Nutrition et seniors

Santé osseuse : « vers une nouvelle prévention nutritionnelle »  Abonné

Publié le 21/10/2011
Si le capital osseux obéit à un déterminisme génétique, l’hygiène de vie et en particulier l’alimentation peuvent aussi avoir un rôle protecteur non négligeable. Véronique Coxam, directrice de recherche à l’INRA nous explique pourquoi la prévention nutritionnelle classique de l’ostéoporose doit évoluer.
Le généraliste : Quels nutriments ont fait leur preuve sur la santé osseuse ?
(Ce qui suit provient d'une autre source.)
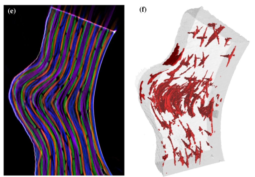 The high strength at moderate weight in combination with superior corrosion and fatigue properties makes carbon-fiber-reinforced polymer (CFRP) an attractive material for lightweight applications in aerospace. Nonetheless, besides several benefits, CFRP components also bear significant risks like a low resistance to impact damage. […] In this work, we present a multimodal approach to three-dimensionally quantify and visualize fiber orientation and resin-rich areas in carbon-fiber-reinforced polymers manufactured by vacuum infusion. Three complementary image modalities were acquired by Talbot–Lau grating interferometer (TLGI) X-ray microcomputed tomography (XCT). Compared to absorption contrast (AC), TLGI-XCT provides enhanced contrast between polymer matrix and carbon fibers at lower spatial resolutions in the form of differential phase contrast (DPC) and dark-field contrast (DFC).

Véronique Coxam : Le calcium et la vitamine D sont les seuls à bénéficier d’un dossier scientifique solide. C’est pourquoi la prévention de l’ostéoporose repose classiquement sur eux. Les enquêtes nutritionnelles rapportent d’ailleurs que leurs apports recommandés chez les sujets à risque ne sont pas toujours atteints. Selon l’étude Inca-2*, 78 % des plus de 50 ans sont en dessous des ANC en vitamine D et plus de la moitié des plus de 65 ans ne couvrent pas leurs besoins en calcium.

La suite de l’article est réservée aux abonnés.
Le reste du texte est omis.